Ommart lit another cigarette and turned again to face the Communications Corps general.
“And now you come in here and ask me to send a ship to Breakaway to defend it. I can’t! I’ll say that to my last breath. I don’t have anybody—and I’m not going to raise any more men from the dead for
you,
general, not for you or anyone. Not again. I won’t have that on my conscience. I’ll let the Jillies have Breakaway first. I mean it. Now get out of here.”
Ommart turned to face the window again as Hamen rose from his chair, looked awkwardly around the room, and then left.
Once he had heard the door close behind him, Admiral Ommart sat back down behind his desk, poured himself a glass of whiskey and drank it down in one gulp. Then he buried his head in his hands and tried not to weep.
11
After a while Bracer called the bridge.
“Yes, captain,” answered the communications man on duty.
“Is Mr. Maxel on the bridge?”
“Yes, sir.”
“Let me speak to him.”
“Yes, sir.”
Moments later Daniel Maxel’s broad face appeared in the tank. “Dan.”
“Yes, sir.”
“How’s loading coming?”
“Just about finished with us. Another ten or fifteen minutes, I’d say. Should I have Miss O’Gwynn begin plotting our orbit out of the system?” There was a hushed excitement in his question, and perhaps fear as well.
“No, not yet,” Bracer said slowly. “What about the other ships?”
“They’re finished with the reaction mass for
Pharsalus
and ought to finish with the
Cragstone
’s mass about the same time as us. It’s going to take them a while longer with the cold-sleepers though, maybe an hour or so.”
“Okay.

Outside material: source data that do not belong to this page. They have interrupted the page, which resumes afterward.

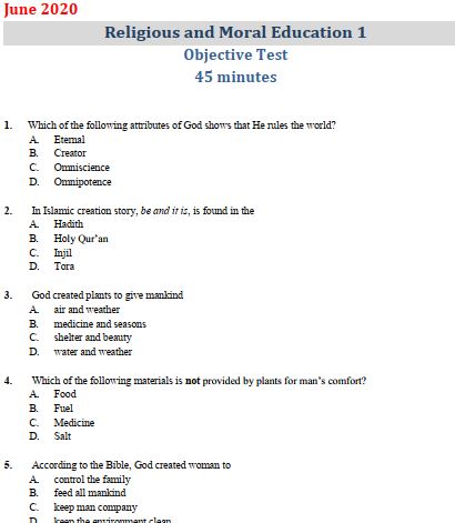Religious & Moral Education (RME) 2020 BECE Past Questions & Answers – PDF. Both Paper 1 (Objectives) and Paper 2 (Essay / Written)
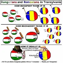 La proclamation par les Roumains de l'union de la Transylvanie à la Roumanie le , à l'issue de la Première Guerre mondiale, rencontre l'opposition de l'assemblée générale des Hongrois, tandis que certains députés Roumains et Saxons transylvains sont hésitants jusqu'à ce qu'un pouvoir bolchévik soit instauré par Béla Kun en Hongrie en 1919, tentant vainement de reprendre la Transylvanie, alors gouvernée de facto par le « Conseil national des Roumains de Transylvanie, Banat, Crișana et Maramureș » (Consiliul Dirigint), le gouvernement hongrois non-communiste d'Oszkár Jászi (en) et l'état-major du général roumain Alexandru Averescu[7],[8]. En 1920, au traité de Trianon, quelque 1 662 000 Hongrois transylvains deviennent de jure citoyens roumains, soit 32 % de la population de Transylvanie et 18% de celle de la « grande Roumanie ».
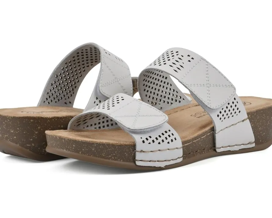 - Make a statement in your spectacular fashion tempo wearing the White Mountain® Ferula Sandals. The slip-on footwear features breathable leather upper straps with perforated design and low wedge heels.
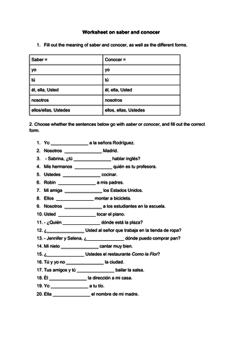 Saber vs conocer fill in the blank worksheet Saber vs conocer fill in the blank worksheet. Verbs -to know- online worksheet for high school level 1 or 2. You can do the exercises online or download the worksheet as pdf. Advanced search. x. Advanced search. Content: L ...
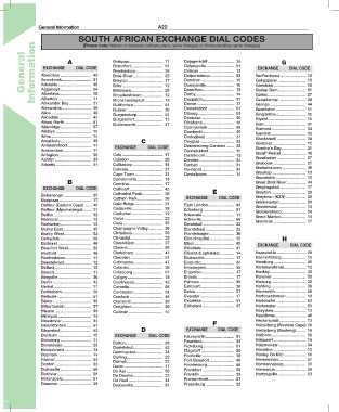 General SOUTH AFRICAN EXCHANGE DIAL CODES

Just as soon as you’re finished with the loading, come to my—no, make that the briefing room. Meet me there.”
“Yes, sir.” There were questions on the first officer’s face, but he asked none of them.

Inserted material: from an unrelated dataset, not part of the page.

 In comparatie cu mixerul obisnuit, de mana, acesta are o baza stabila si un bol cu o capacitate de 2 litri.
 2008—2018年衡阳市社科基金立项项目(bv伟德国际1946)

Bracer thumbed the switch with his real hand. The image faded out.
Now what, Absolom? he asked himself. What the hell are you going to do now? You’ve got a problem, and you know it. Isn’t it time you admitted it? Out loud?

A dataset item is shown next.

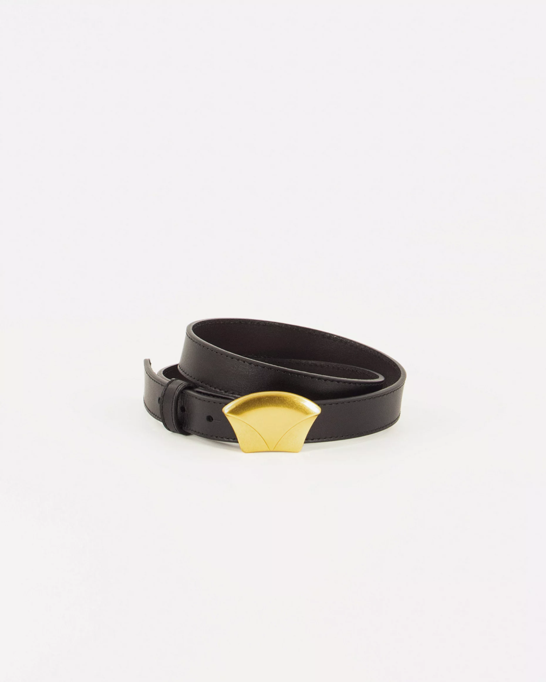 Cinturón Bonito Sessùn. Cinturón de piel trenzada con hebilla dorada con grabado de "Sessùn".

Haven’t I suffered enough? he again asked himself. Haven’t we all suffered enough?
A surge of memory and pain went through what was left of his body, a memory of what it was that had made him the way he was now, the horribly mutilated half-man that he was.
…roger!… he cried with his mind.
…yes, captain…
…i need your help…
…just ask, captain…
…dammit, roger, what am i going to do?…
…i can’t answer that for you, sir…
…you’ve got to help me…
…i can supply you information, captain, but i can’t make your decisions, you know that, there are certain limitations to my capabilities, built-in, you might say, or at least very well conditioned…
…how, roger? you were a man once… Bracer transmitted through the CEMEARS, hoping the Organic Computer could give him answers to questions yet unasked.
…that was a long time ago, captain, i don’t remember much of it. i’m not a man now. i’m a starship, my mind doesn’t function the same as yours, i don’t have the same frames of reference as you. i can’t replace you, captain, nor could you replace me. i can help you, but i can’t make
your
decisions for you…
…okay!… Bracer’s CEMEARS was silent for a few moments while he fought with his emotions; then he projected this question: …in the light of present circumstances, including any information that may have been relayed to you from breakaway station, what is the probability that the relief convoy from adrianopolis was destroyed by enemy activity?…
In the same formal tone, Roger’s mental projections said: …the probability that the relief convoy was attacked and destroyed by enemy warships now stands at approximately 82 per cent and rising, with…
…okay, roger, that answers my question, now, do you
think
that the jillies destroyed those ships?…
… of course…
Bracer paused again before putting his next question to the Organic Computer.
…roger, considering all available information, what do you consider the probability of a jillie attack on breakaway station prior to the arrival of the relief ships from earth?…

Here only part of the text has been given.